REQUIRED ACTION :: Copy, please, the line with "Today’s finds ❤️" and each line that follows it through the end of the data below, exactly as given and without pictures.

DATASET SECTION ::
-.-.-

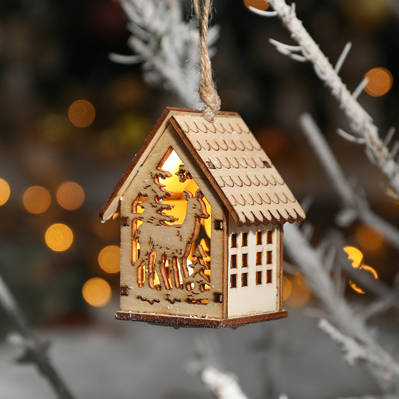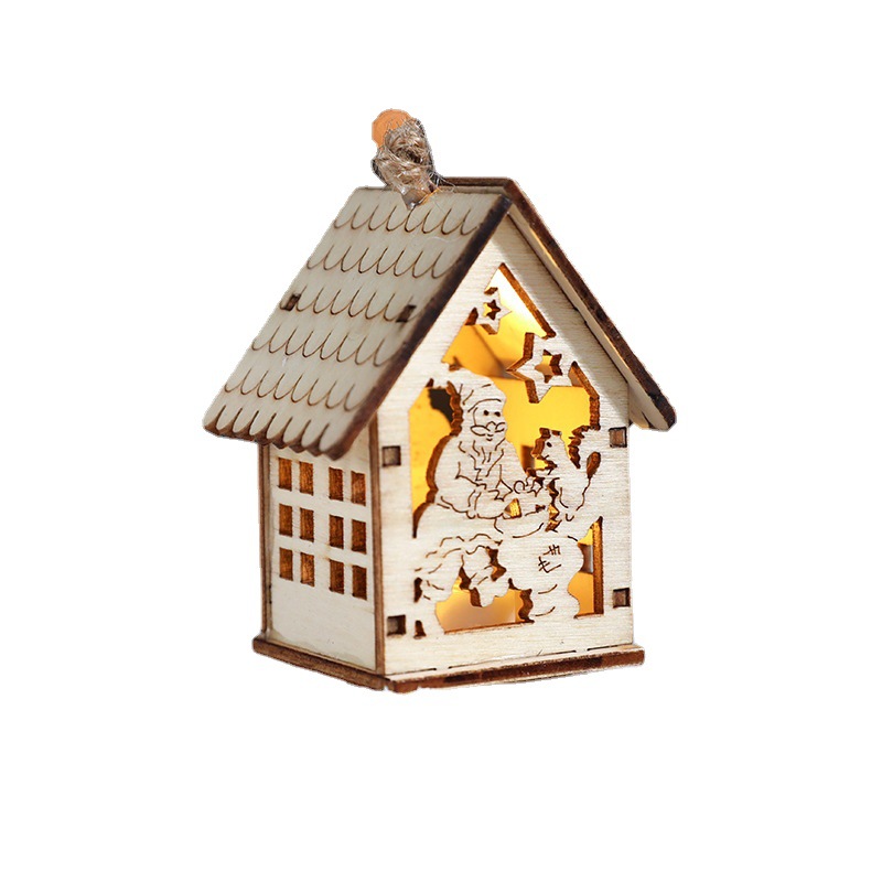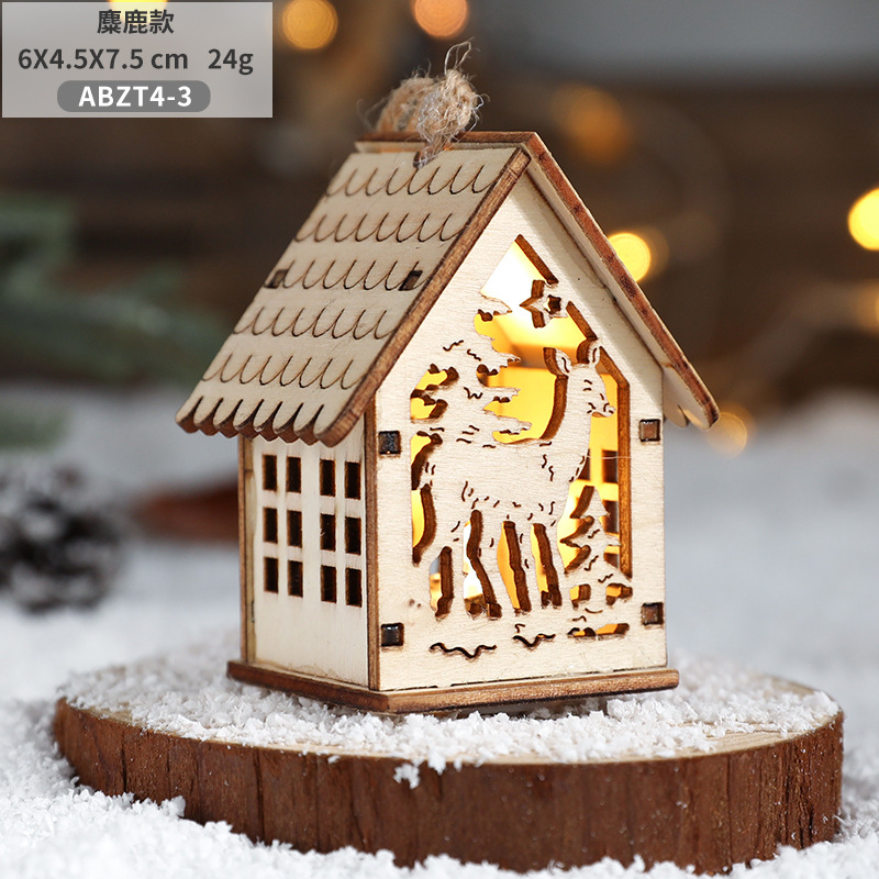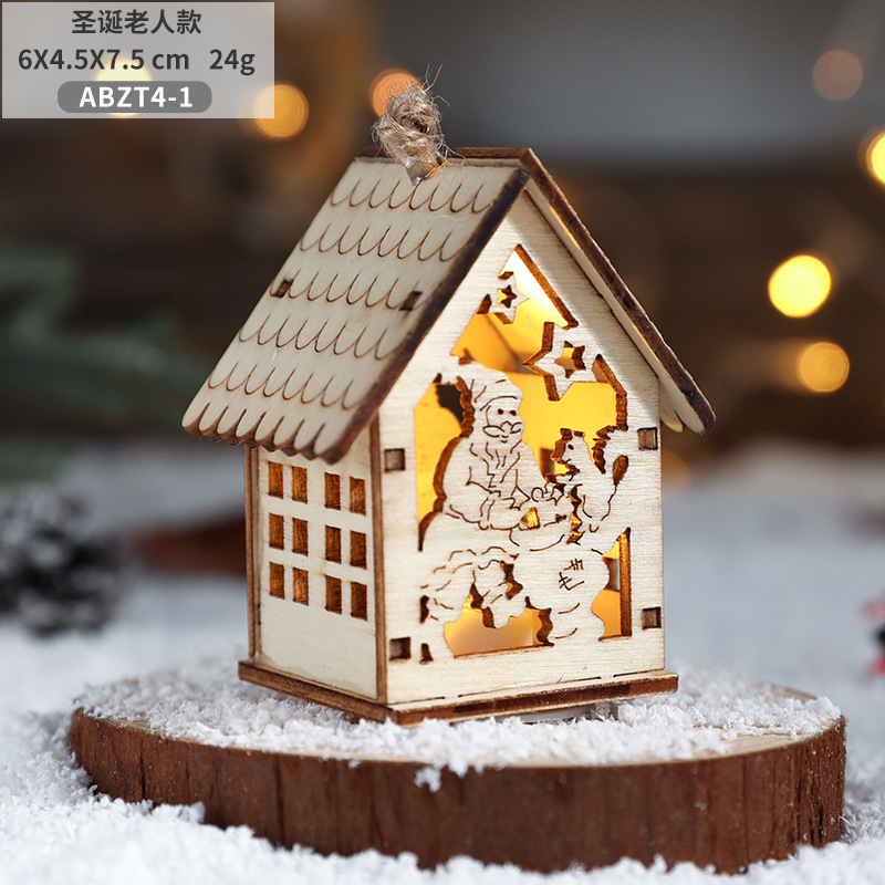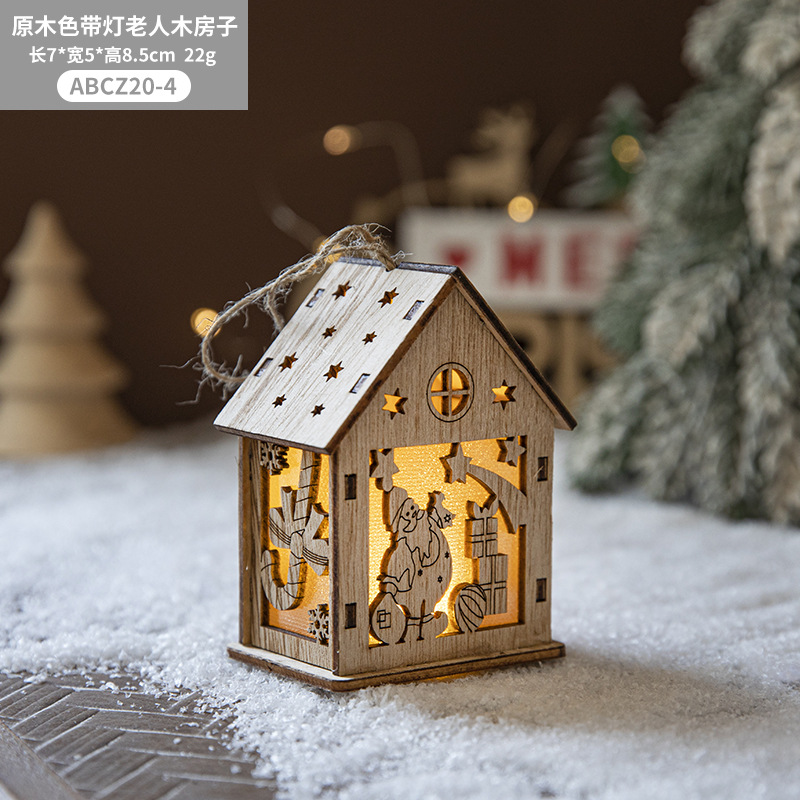 新品圣诞小房子木质创意小摆件灯吊饰挂饰圣诞节装饰品礼物
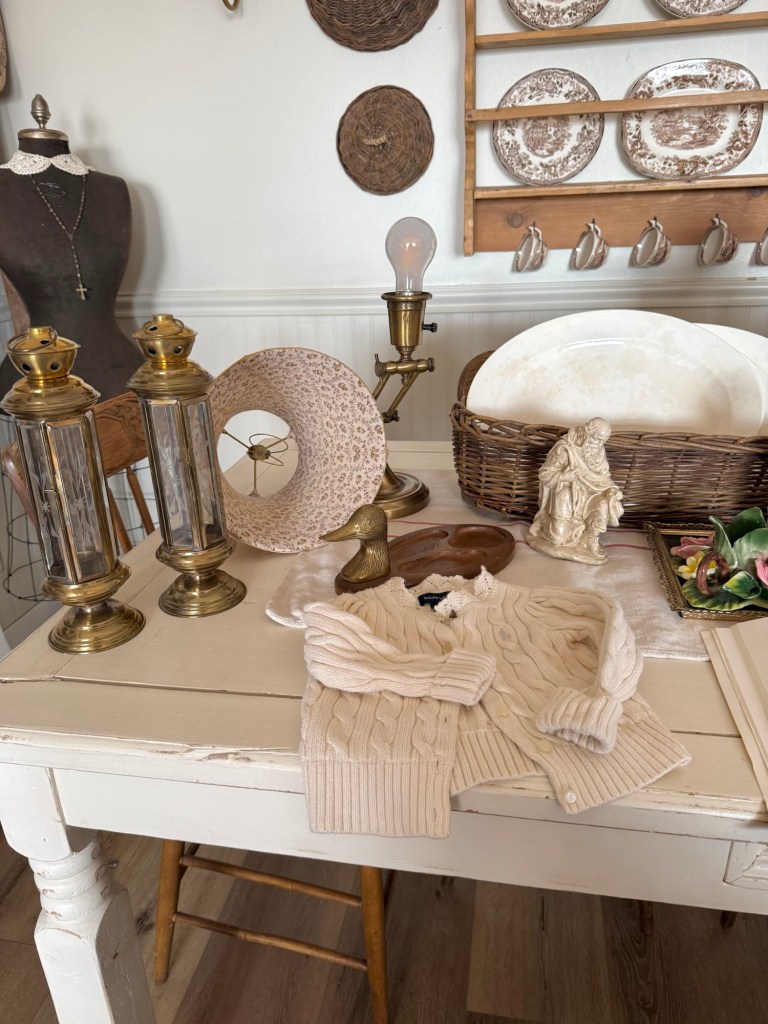Today’s finds ❤️ What would be your fav? Mine is the old hat! #furnitureattiffanys #handmedowncottage #thriftstorefinds #vintage #homedecor
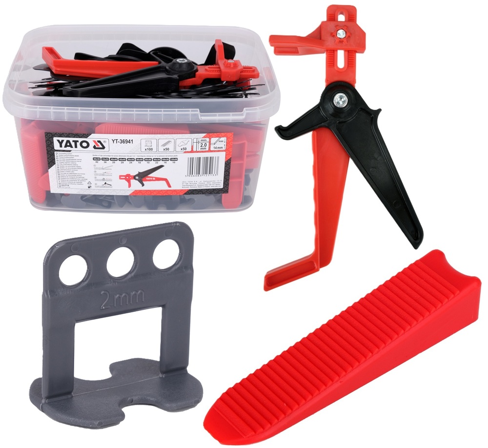 SYSTEM ZACISKÓW KLINÓW KLIPSÓW PODKŁADEK DO POZIOMOWANIA PŁYTEK GLAZURY + SZCZYPCE 200szt. 2mm YATO YT-36941
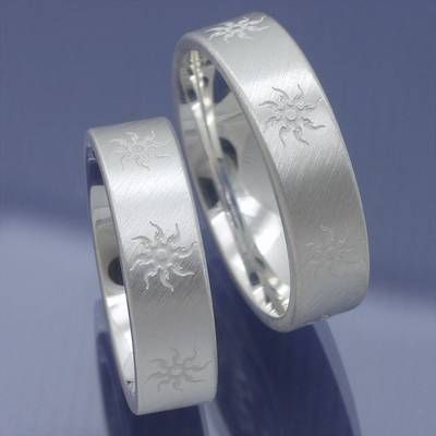 Verlobungsringe, Freundschaftsringe mit umlaufenden Lasermuster Sonne.

-.-.-

SOLUTION FOR THIS PROBLEM ::
Today’s finds ❤️ What would be your fav? Mine is the old hat! #furnitureattiffanys #handmedowncottage #thriftstorefinds #vintage #homedecor
 SYSTEM ZACISKÓW KLINÓW KLIPSÓW PODKŁADEK DO POZIOMOWANIA PŁYTEK GLAZURY + SZCZYPCE 200szt. 2mm YATO YT-36941
 Verlobungsringe, Freundschaftsringe mit umlaufenden Lasermuster Sonne.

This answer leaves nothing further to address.